The Right to Trade

Rethinking the Aid for Trade Agenda

image of The Right to Trade
Aid for trade is a fixture in the development landscape, accounting for approximately 25 per cent of total ODA, and is being positioned as a building block in the future development agenda beyond the 2015 expiry of the Millennium Development Goals.

In The Right to Trade, Nobel Prize-winning economist Joseph E Stiglitz and Andrew Charlton argue that aid for trade has not delivered on its initial promise.

To create a genuinely pro-development trade liberalisation agenda, the authors propose that a ‘right to trade’ and a ‘right to development’ be enshrined within the WTO’s dispute settlement system; and that aid for trade funds be consolidated into a coherent and predictable framework, where dedicated funds are committed by rich countries to a Global Trade Facility and dispersed through a transparent and competitive process.

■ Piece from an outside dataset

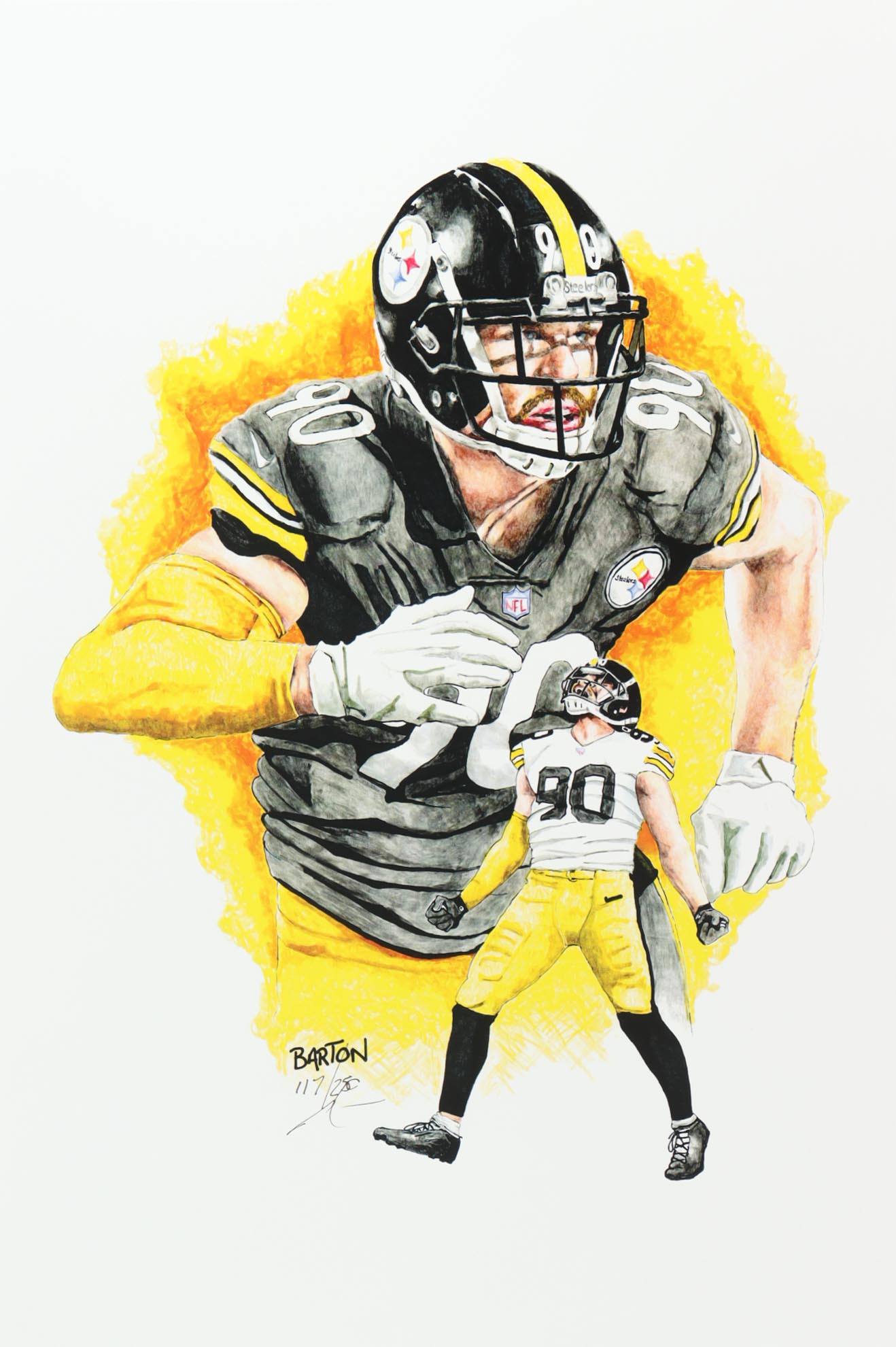 This limited edition giclee on high-quality matte fine art smooth 230gsm paper measures approximately 12" x 18" in size. The piece is hand-signed and numbered by the artist, Brian Barton and features T.J. Watt (Pittsburgh Steelers).

Together these proposals would help ensure that international trade works for developing countries and will help preserve a development-friendly multilateral trading system.




The World Trade Organization’s ‘aid for trade’ initiative was launched at the 2005 Ministerial in Hong Kong to recognise the disadvantage of developing countries participating in the global trading system, and bolster the development dividend of the flailing Doha Round. Seven years since the birth of the aid for trade initiative, huge resources have been mobilised. Fully 25 per cent of total ODA is now channelled, or at least labelled, as aid for trade (OECD and WTO 2011). Yet questions remain as to whether the coming together of aid and trade has delivered on the promise of additional resources for developing countries. If aid for trade has not been truly incremental to existing aid commitments, there is the further question: has the changed focus made aid more or less effective, resulting in stronger growth or reduced poverty?